One of Uber’s key value propositions is offering scheduling flexibility to their driver-partners. According to a report by the Beneson Strategy Group, 73% of drivers prefer having a job that lets them choose their schedule. Drivers can use this flexibility to maximize their expected revenue during their available times. To this end, Uber provides heatmaps of customer demand that allow drivers to target high-demand regions that provide higher trip probability and therefore higher expected revenues.
However, there is no readily available way to determine whether trips starting at a particular location are worth the time it would take to service the trip. For example, a trip that takes longer due to traffic but has high demand may result in fewer total trips and be less valuable. On the other hand trips with less demand but are consistently much faster may be more valuable. Therefore it is in the driver’s best interest to balance the demand of a location and the amount of time trips from that location will take.
To address this gap, the team sought to create a scheduling optimization model, using Mixed Integer Programming (MIP).
Two datasets were used to determine demand and trip duration. Because Uber demand data was not available, DC Taxicab pickup data was used as a proxy for demand. Duration was determined from an Uber Movement dataset.
The dataset was sourced from Open Data DC. It describes individual taxicab trips from a specific location expressed in coordinates. From January to March, the dataset contains a total of 5,546,786 pickups at 10,843 different locations.

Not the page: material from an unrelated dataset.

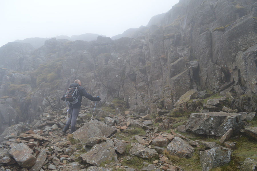 After leaving Combe Head behind under a cloak of cloud we located the path that lead us north west towards Glaramara's main ridge, but before all that we had a short and enjoyable scramble to contend with, earlier concerns were laid on whether the rock would be greasy and obviously wet due to last nights rain which is why you can see David eyeing up his route from the bottom of the crags, David was to climb right as I opt left. |

In order to discretize the data and scope down the size of our problem, we needed to sort the pickups into high demand regions. First, the number of pickups at each location was counted. Then, to define the regions we selected the first 100 locations with the most pickup counts (see Figure 1-1) as they cover 30% of the total number of pickups. MATLAB’s kmeans function was used to cluster the counts into 5 region centroids (see Figure 1-2). The radius of each region was calculated based on the minimum Euclidean distance to the other four regions.
Table 1: High-Demand REgion Parameters
| Region | Latitude | Longitude | Radius |
|---|---|---|---|
| 0 | 38.9036460 | -77.0520803 | 0.015496908 |
| 1 | 38.8978792 | -77.0262628 | 0.012656732 |
| 2 | 38.9051074 | -77.0366525 | 0.012656732 |
| 3 | 38.8933596 | -77.0088673 | 0.017972991 |
| 4 | 38.9219662 | -77.0471676 | 0.018967425 |
Figure 1 - 1: Taxicab Pickups in D.C.
Figure 1 - 2: High Demand Pickup Regions in D.C.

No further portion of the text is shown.